At the same time, California is sending more and more children to facilities out of state — some as far away as Florida. Indeed, the number of children sent from probation and child welfare agencies across the state has more than tripled since 2008.
What’s happening in California is dishonest,” said Ken Berrick, the founder of Seneca Family of Agencies, a major child services agency based in Oakland. “We’re saying we don’t want locked facilities here and we don’t want group homes, so instead we’re sending kids to Utah where we can’t monitor them. What’s that about? It’s just wrong.”
There are signs that California has a limited ability to guarantee the health and welfare of the children it sends beyond its borders.
For one thing, state officials struggle even to keep track of how many children they’ve sent away. They couldn’t provide a total. Using several different sources of state data, ProPublica calculated that county probation departments in 2015 had some 235 children living out of state; child welfare agencies in 2015 had another 52 placed outside California; and local school districts had more than 600, including Deshaun Becton.
California’s Department of Social Services conducts occasional inspections of out-of-state facilities where California agencies have placed children.

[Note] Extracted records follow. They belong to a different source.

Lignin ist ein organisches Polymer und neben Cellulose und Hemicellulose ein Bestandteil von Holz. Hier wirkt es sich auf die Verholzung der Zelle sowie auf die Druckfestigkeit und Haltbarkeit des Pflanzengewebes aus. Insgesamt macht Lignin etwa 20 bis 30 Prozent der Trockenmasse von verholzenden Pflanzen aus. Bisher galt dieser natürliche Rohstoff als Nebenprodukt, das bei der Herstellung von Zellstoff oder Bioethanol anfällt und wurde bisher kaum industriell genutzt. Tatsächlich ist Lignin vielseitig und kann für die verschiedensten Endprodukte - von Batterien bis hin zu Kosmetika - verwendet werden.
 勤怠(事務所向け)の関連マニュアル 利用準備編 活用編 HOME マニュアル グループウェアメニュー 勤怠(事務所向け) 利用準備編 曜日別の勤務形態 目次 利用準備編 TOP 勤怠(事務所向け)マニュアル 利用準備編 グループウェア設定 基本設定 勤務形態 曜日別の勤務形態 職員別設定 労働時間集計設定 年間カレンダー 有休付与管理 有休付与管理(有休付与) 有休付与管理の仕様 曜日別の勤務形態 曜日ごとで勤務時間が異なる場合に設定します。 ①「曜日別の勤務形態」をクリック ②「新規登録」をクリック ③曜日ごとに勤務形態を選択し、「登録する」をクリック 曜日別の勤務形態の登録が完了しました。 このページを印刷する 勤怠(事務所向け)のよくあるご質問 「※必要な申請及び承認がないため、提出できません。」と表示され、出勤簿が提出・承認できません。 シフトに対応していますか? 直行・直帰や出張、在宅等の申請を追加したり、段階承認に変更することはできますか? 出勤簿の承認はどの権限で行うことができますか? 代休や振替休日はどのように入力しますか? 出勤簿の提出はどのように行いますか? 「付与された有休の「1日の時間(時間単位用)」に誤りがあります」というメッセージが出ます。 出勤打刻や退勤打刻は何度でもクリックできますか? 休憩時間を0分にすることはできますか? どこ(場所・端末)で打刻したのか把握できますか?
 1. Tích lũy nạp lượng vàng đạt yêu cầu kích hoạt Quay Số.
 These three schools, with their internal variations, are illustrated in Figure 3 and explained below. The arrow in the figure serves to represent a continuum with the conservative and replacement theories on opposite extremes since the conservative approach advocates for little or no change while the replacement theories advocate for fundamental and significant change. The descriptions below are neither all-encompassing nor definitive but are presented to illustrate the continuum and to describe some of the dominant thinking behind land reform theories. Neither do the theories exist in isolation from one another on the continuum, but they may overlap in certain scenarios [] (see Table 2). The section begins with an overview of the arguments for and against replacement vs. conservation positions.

Earlier this year, records show, at a facility just over the Nevada border, California inspectors responded to a complaint that children were not being adequately fed. Days later there was a riot at the facility, with two of its buildings set on fire. Only afterward did the inspectors corroborate the complaint and begin removing children. In Colorado, inspectors worried in October 2014 that a facility housing California children was vulnerable to targeting by sex traffickers. It took a year before children were removed and California decertified the home.

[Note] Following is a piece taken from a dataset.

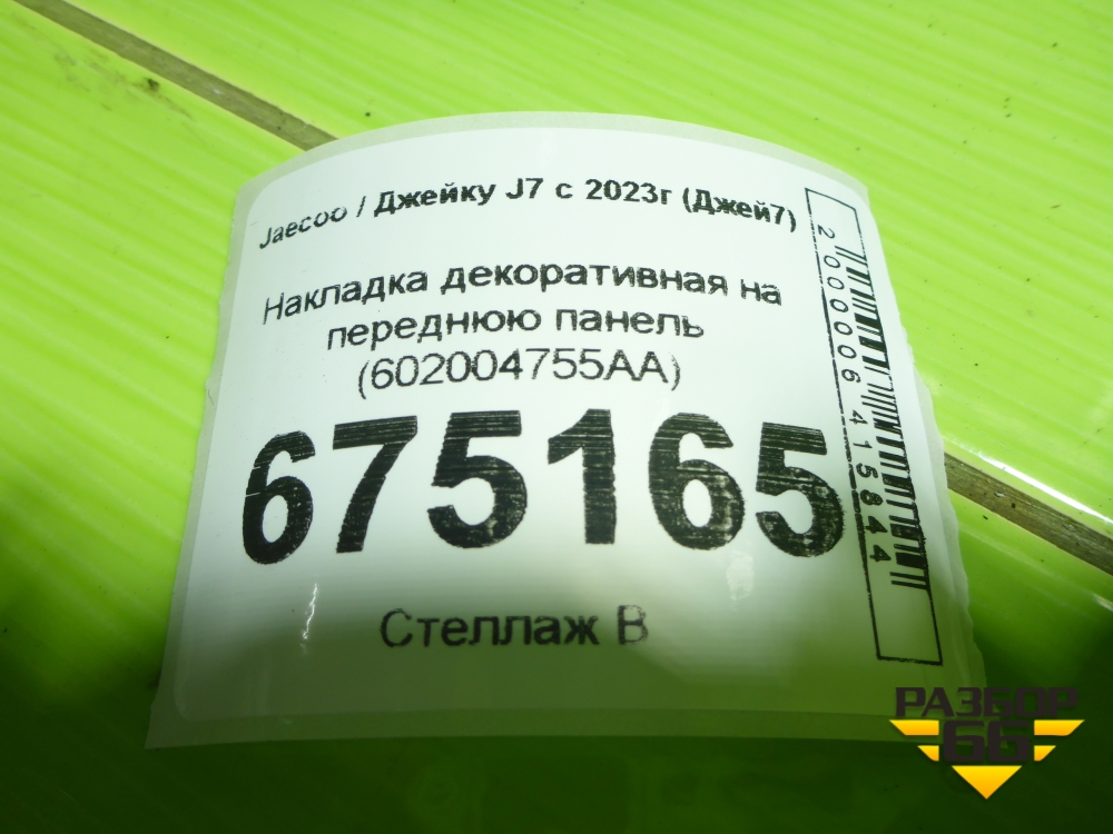 Накладка декоративная на переднюю панель (602004755AA) для Jaecoo J7 с 2023г (Джей7) в Уфе
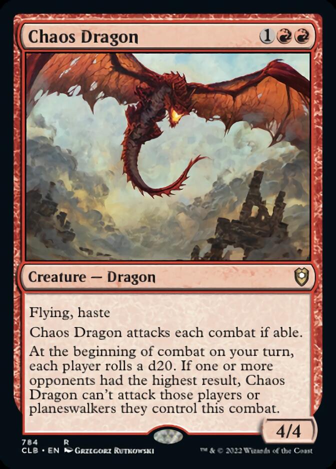 Aunque su trigger de atacar dragones solo sirve para hacer Goad a una criatura de cada oponente, da igual con cuantos dragones ataquemos a ese oponente, el trigger de poner contadores y robar cartas sí que se dispara por cada criatura. Si atacamos con algún dragón a los 3 oponentes, como mucho haremos 3 goads, pero si nos ayudamos de otras cartas para conseguir hacer más ataques forzosos, vamos a robar mucho y nuestro comandante crecerá mucho (y encima es volador, por lo que a poco que crezca puede ser mortal).

ProPublica sent DSS a list of questions concerning the hundreds of California children being cared for out of state, including why such placements were needed and how the state was ensuring the children remained safe. Michael Weston, a spokesman for DSS, sent a general response acknowledging that California had run out of options for many of the children but maintaining that DSS was meeting all of its obligations for monitoring and safeguarding the welfare of those sent away.
Deshaun’s long journey to find a safe and effective level of care has exhausted his parents and drained their finances. Lamont Becton, Deshaun’s father, is a firefighter; Deshaun’s mother, Veronice, is a registered nurse. They have met with dozens of experts, driven thousands of miles to rescue Deshaun from one facility after another, kept in touch with their son via Skype when he was assigned to a horse ranch in a remote corner of Utah.
Through it all, they have repeatedly asked themselves a basic question: How can California not be capable of better for Deshaun? His problems — post-traumatic stress, mood disorders, violent outbursts – are significant. Yet can it really be best for troubled, vulnerable children like Deshaun to be sent to other parts of the country in pursuit of adequate supervision and treatment?